The guard looks at Damien.

“Go ahead,” Damien says, his eyes glittering as he looks at Kristen from head to toe, a hint of a smile on his lips. “It’s your funeral.”

The guard cuts the plastic tie around her wrists and Kristen sighs happily, laying a hand on the guard’s forearm.

“Thank you,” she says. “I don’t know what I’d do if you weren’t here. This is all so scary!”

The guard seems to puff up a little now, growing in height in an instant. I’m staring at Kristen, but she doesn’t dare look at me.

Damien’s gaze follows her ass as she and the guard walk away.

“Don’t even think about it,” I warn him.

He turns.

“Think about what?”

“Her,” I answer, trying to hide the wobble in my voice. “Touching her. Don’t even think about it. I’ll kill you. I swear to god, I will.”

His smile grows as he walks back to me.

“My, you and Vince have a lot in common,” he says.

“He said the same thing to me on the phone about you. Of course, if he would have faced me like a man, then none of this would be necessary. I don’t enjoy trapping my enemies like mice.

There’s no honor in it. But he left me no choice.

Now he’s coming to his death voluntarily. For you.”

My heart clenches at the second mention of Vincent dying. This can’t be real. Can it?

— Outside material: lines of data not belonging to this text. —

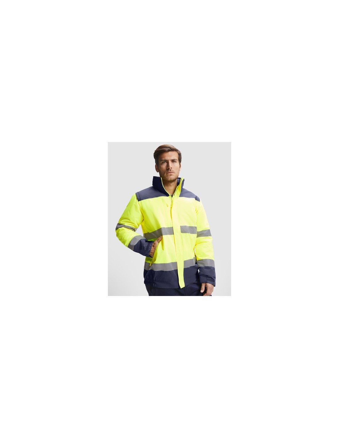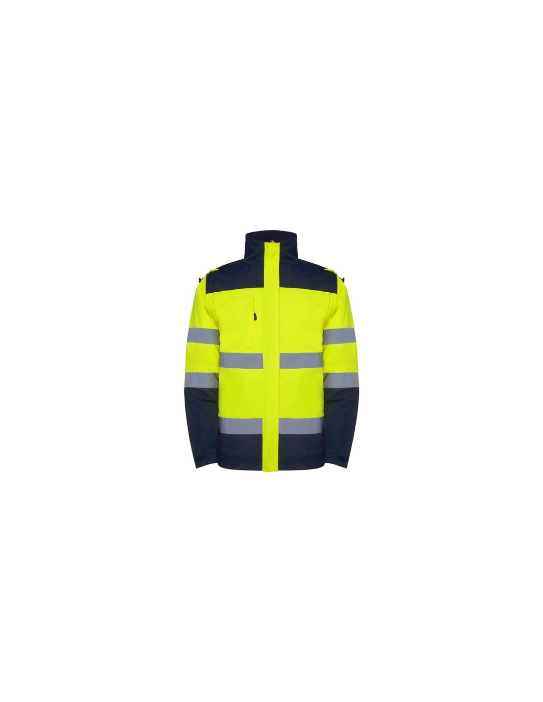 Parka acolchada de alta visibilidad combinada en dos colores. · Capucha enrollable con cordón ajustable y ribete flúor.· Bolsillo en la zona del pecho con cremallera.· Dos cintas reflectantes en el cuerpo y las mangas. · Mangas desmontables. · Dos bolsillos frontales ligeramente inclinados de fácil acceso. · Puños ajustables por zona elástica y por cierres en velcro.· Tapeta central con cierre de velcro y cremallera central flúor con tirador. · Acceso interior para serigrafía.· Bajo con zona elástica. *Alta visibilidad.*Modelo resistente al agua.*Modelo a prueba de viento.Certificación CE según las normas:EN ISO 13688:2013/A1:2021EN ISO 20471:2013/A1:2016.EN 343:2019.Clase II. Composition : Exterior: 100% waterproof poliéster. Forro: 100% poliéster.Guata: 100% poliéster.400 g/m².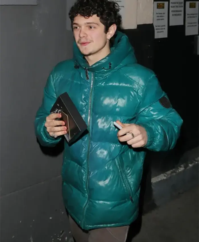 Noah Jupe Harold Pinter Theatre 2026 Green Hooded Puffer Jacket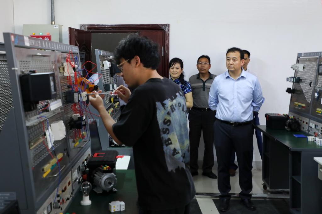 在现代工程技术实践教学部,曾广胜一行全面了解实践教学部的设施设备、课程设置、师资队伍、学生实训等情况,以及运行状况和发展需求。他希望实践教学部继续加强安全管理,确保实训教学的安全和稳定。进一步完善实训课程体系,加强实训教学工作,提高实训教学的质量和水平。以更高的标准、更严的要求、更实的作风,推动各项工作再上新台阶,为应用型人才培养作出更大的贡献。

“Why are you doing this?“ I ask him. “What did he do to you that was so bad?”

The entrance doors open and we both turn our heads. It’s Vincent. Immediately he’s seized by a nearby guard who pats him down, checking for weapons.

“There he is!” Damien says, clapping his hands together. “The guest I’ve been waiting for. Hazel and I have been chatting and getting to know one another. She just asked me why I’m going to kill you today. Would you like to answer that question, or should I?”